What needs to be done –
Restate word for word the lines below from the one that has "Spring Of Blessings" through the one that has "- miękka i miła", keeping both and dropping all pictures.

Supplied material –
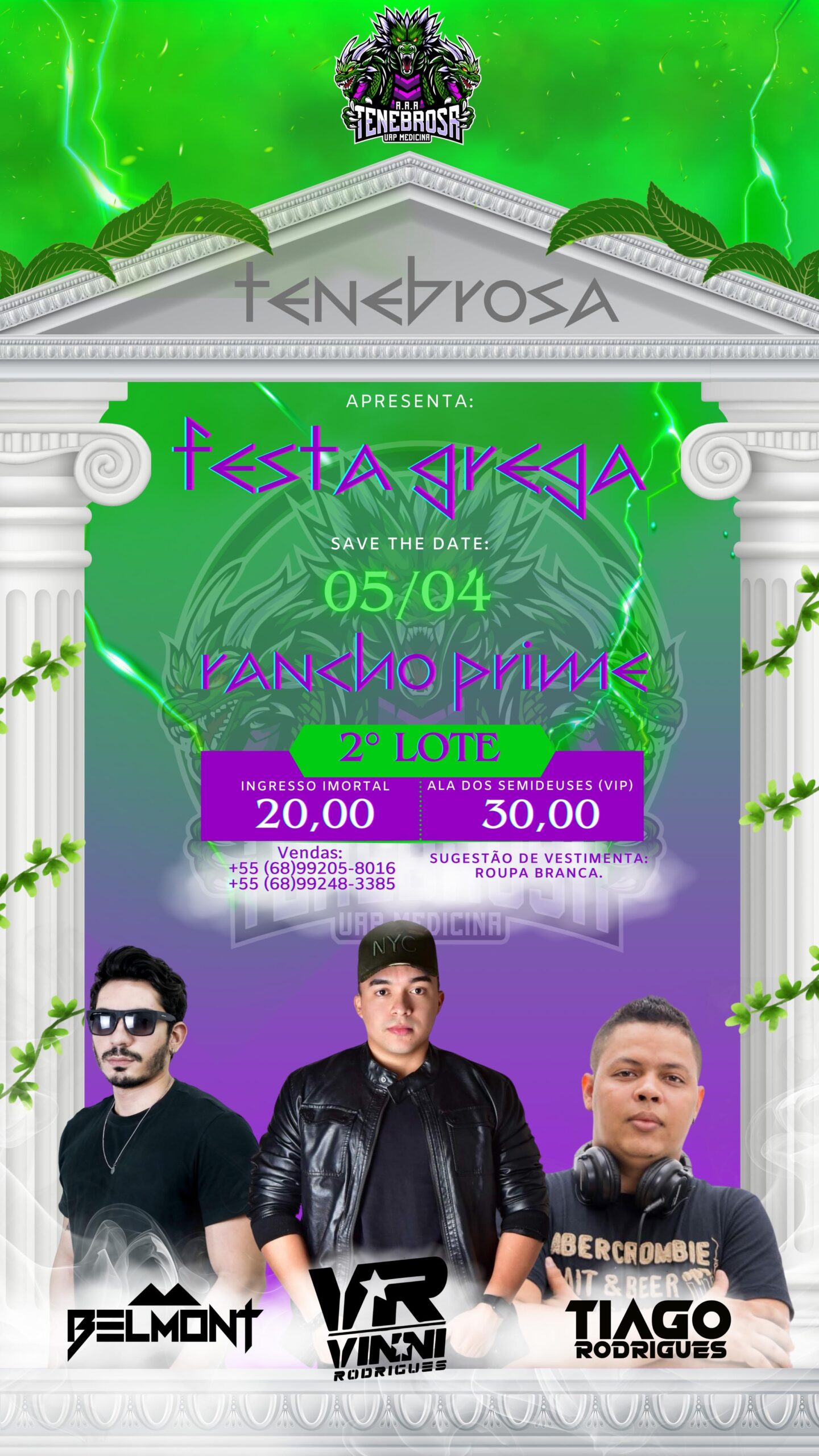 A Atlética Tenebrosa, conhecida por suas festas grandiosas e inesquecíveis, está de volta com mais um evento épico! No dia 05 de abril, o Rancho Prime, em Epitaciolândia, será transformado em um verdadeiro cenário mitológico para receber a tão esperada Festa Grega.
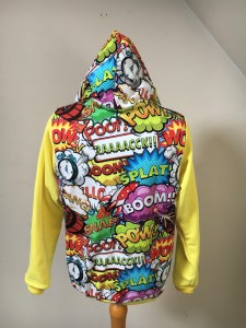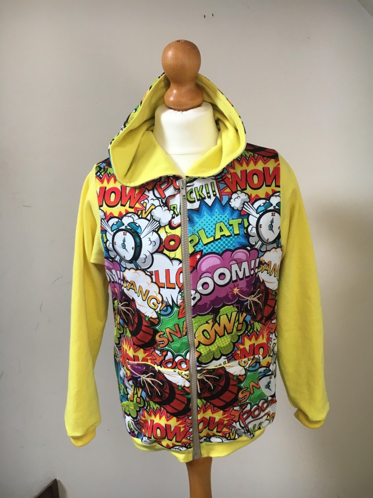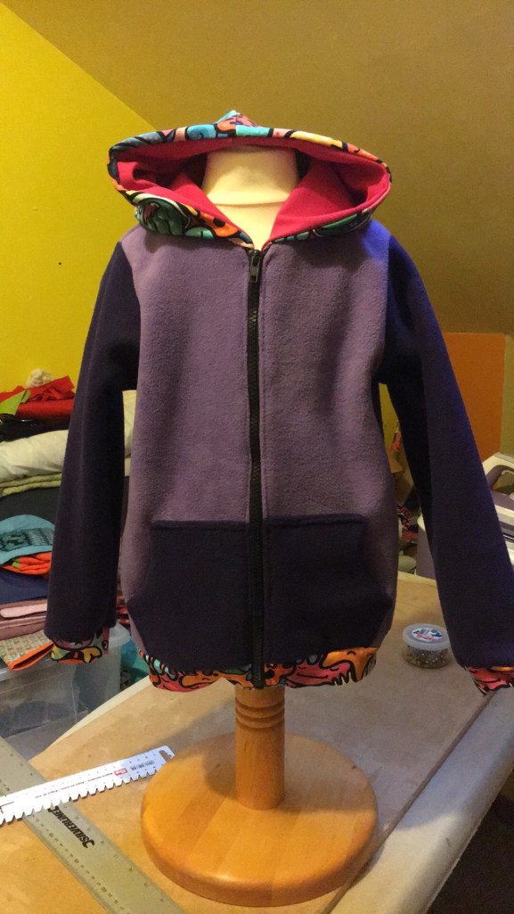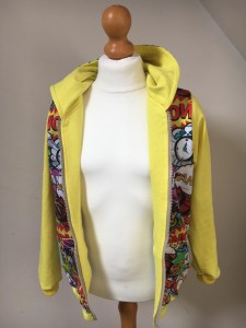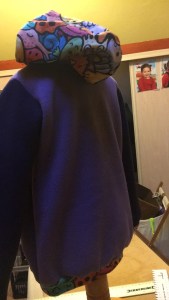 Là il est monté, il a choisi ses tissus lui même et m’a donné les directives pour la couleur des manches, l’intérieur de la capuche et tout et tout…
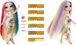 La poupée a des cheveux exceptionnellement longs et lisses avec des mèches arc‑en‑ciel, faciles à coiffer, tresser et modeler en différents styles – des ondulations aux tresses, jusqu’à des lignes de couleur audacieuses.
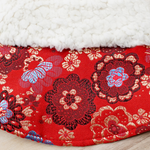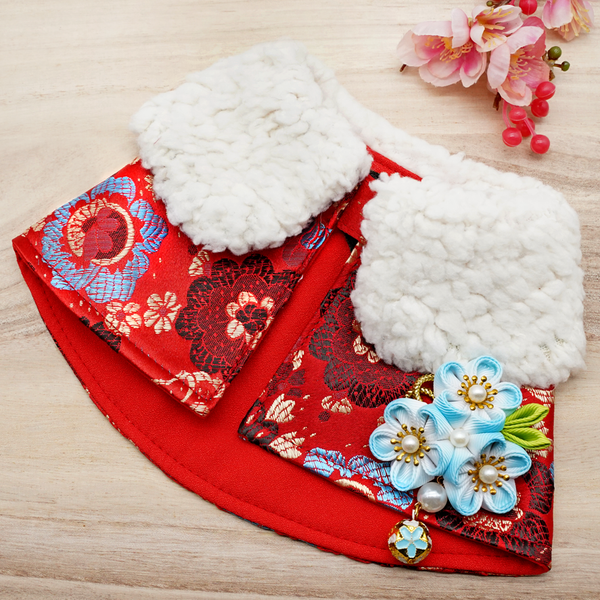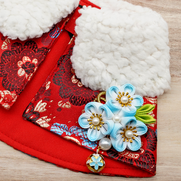Spring Of Blessings in Red Blue Blossoms CNY Cape with White Fur Collar
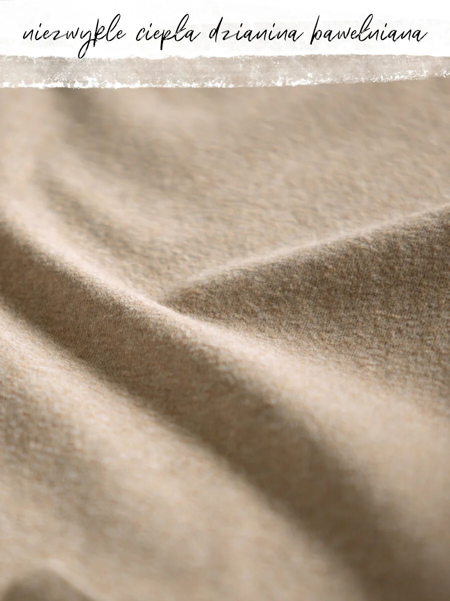 - miękka i miła w dotyku dzianina, obustronnie drapowana
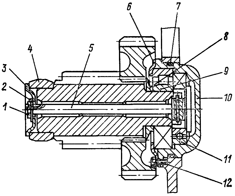 Наденьте на корпус 10 резиновое кольцо 7. Вставьте в корпус стержень 5 и запрессуйте шарикоподшипник 11 до упора в бурт корпуса. Запрессуйте наружное кольцо роликоподшипника 9 до упора в шарикоподшипник. Установите собранный корпус подшипника в гнездо корпуса бортовых фрикционов до упора во фланец. Закрепите фиксатор 6 к корпусу бортовых фрикционов четырьмя болтами 12 со. стопорными шайбами.
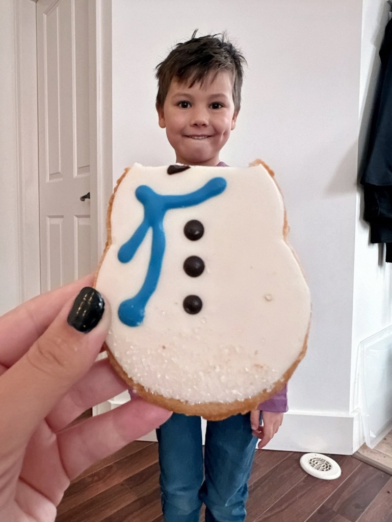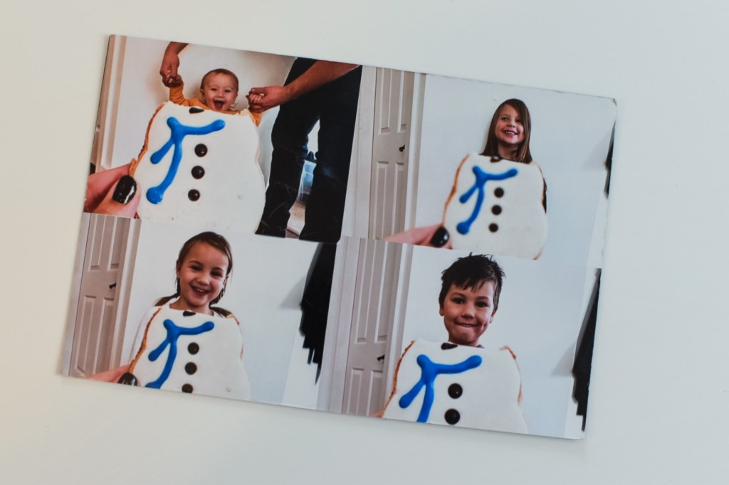 It begins with a trip to our local Starbucks to pick up their seasonal Snowman sugar cookie! Once we get home, we have our kids take individual pictures.
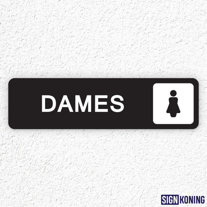 Zelfklevend WC Bordje 15 x 4 cm - Toilet Dames - Zwart
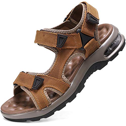 [visionreast] スポーツサンダル メンズ エアークッション 本革 幅広 マッサージ機能 人気サンダル ベルクロ 黒 厚底 かかとあり オフィス 歩きやすい 靴 アウトドア ビーチ 水陸両用 防臭防滑 24-28.5cm

The answer –
Spring Of Blessings in Red Blue Blossoms CNY Cape with White Fur Collar
 - miękka i miła w dotyku dzianina, obustronnie drapowana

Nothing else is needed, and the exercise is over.